OpenAI: OpenAI, developed by the organization of the same name, also utilizes a neural network architecture. However, its model is smaller in size compared to Gemini, resulting in faster training and inference times.

2. Training Data:

Gemini: Gemini was trained on a vast corpus of text data, spanning various domains and languages. This extensive training dataset contributes to its comprehensive understanding of natural language.
OpenAI: OpenAI was trained on a diverse collection of text, code, and web data. This diverse training regime enables it to excel in various tasks, including question answering, code generation, and dialogue generation.

3. Natural Language Processing Tasks:

Gemini: Gemini showcases impressive performance in various NLP tasks, including text summarization, machine translation, and named entity recognition. Its ability to grasp the context and generate coherent text makes it suitable for tasks that require high-quality natural language generation.
OpenAI: OpenAI excels in tasks that involve generating creative content, such as writing stories, poems, and even computer code.
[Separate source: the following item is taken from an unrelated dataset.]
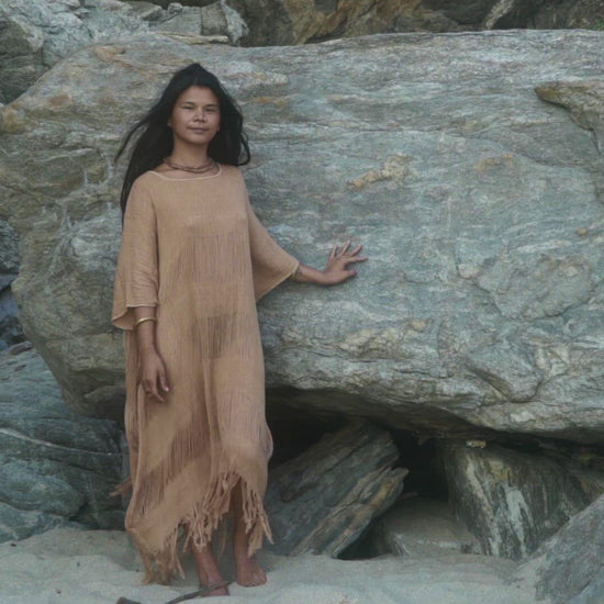 Frayed Coyuchi Cotton Kaftan >> Native Brown Cotton >> Hand Stitched Kaftan

Its versatility extends to dialogue generation, where it can engage in conversations that mimic human-like responses.

4. Applications:

Gemini: Gemini’s capabilities lend themselves to applications ranging from customer service chatbots to automated text summarization tools. Its proficiency in understanding and generating natural language makes it valuable in domains that require accurate and fluent communication.
OpenAI: OpenAI finds applications in creative writing assistance, language translation, and question answering systems. Its ability to generate diverse and engaging content makes it a valuable tool for content creators and marketers.

5. Ethical Considerations:

Gemini: As with any powerful technology, the ethical implications of using Gemini must be carefully considered. Its potential for generating biased or harmful content warrants responsible usage and monitoring.
OpenAI: OpenAI presents similar ethical challenges, particularly in the context of deepfake generation and the spread of misinformation. Its capabilities necessitate thoughtful guidelines and responsible deployment.

6. Future Potential:

Gemini: Gemini’s ongoing development by Google AI promises further advancements in its capabilities, leading to even more sophisticated natural language processing tasks.
OpenAI: OpenAI’s focus on developing general-purpose AI suggests that its potential extends beyond language modeling. It holds the promise of tackling complex problems that require reasoning, planning, and decision-making.

Closing the chapter on Gemini Pro and Gemini Pro Vision — a transformative duo in AI exploration. Gemini Pro unleashes textual creativity, while Pro Vision seamlessly blends text and images. With Streamlit as our guide, we’ve made AI interaction intuitive. As we look forward, these models democratize AI, making it a creative companion for all. The future of transformative AI is here, and Gemini leads the way!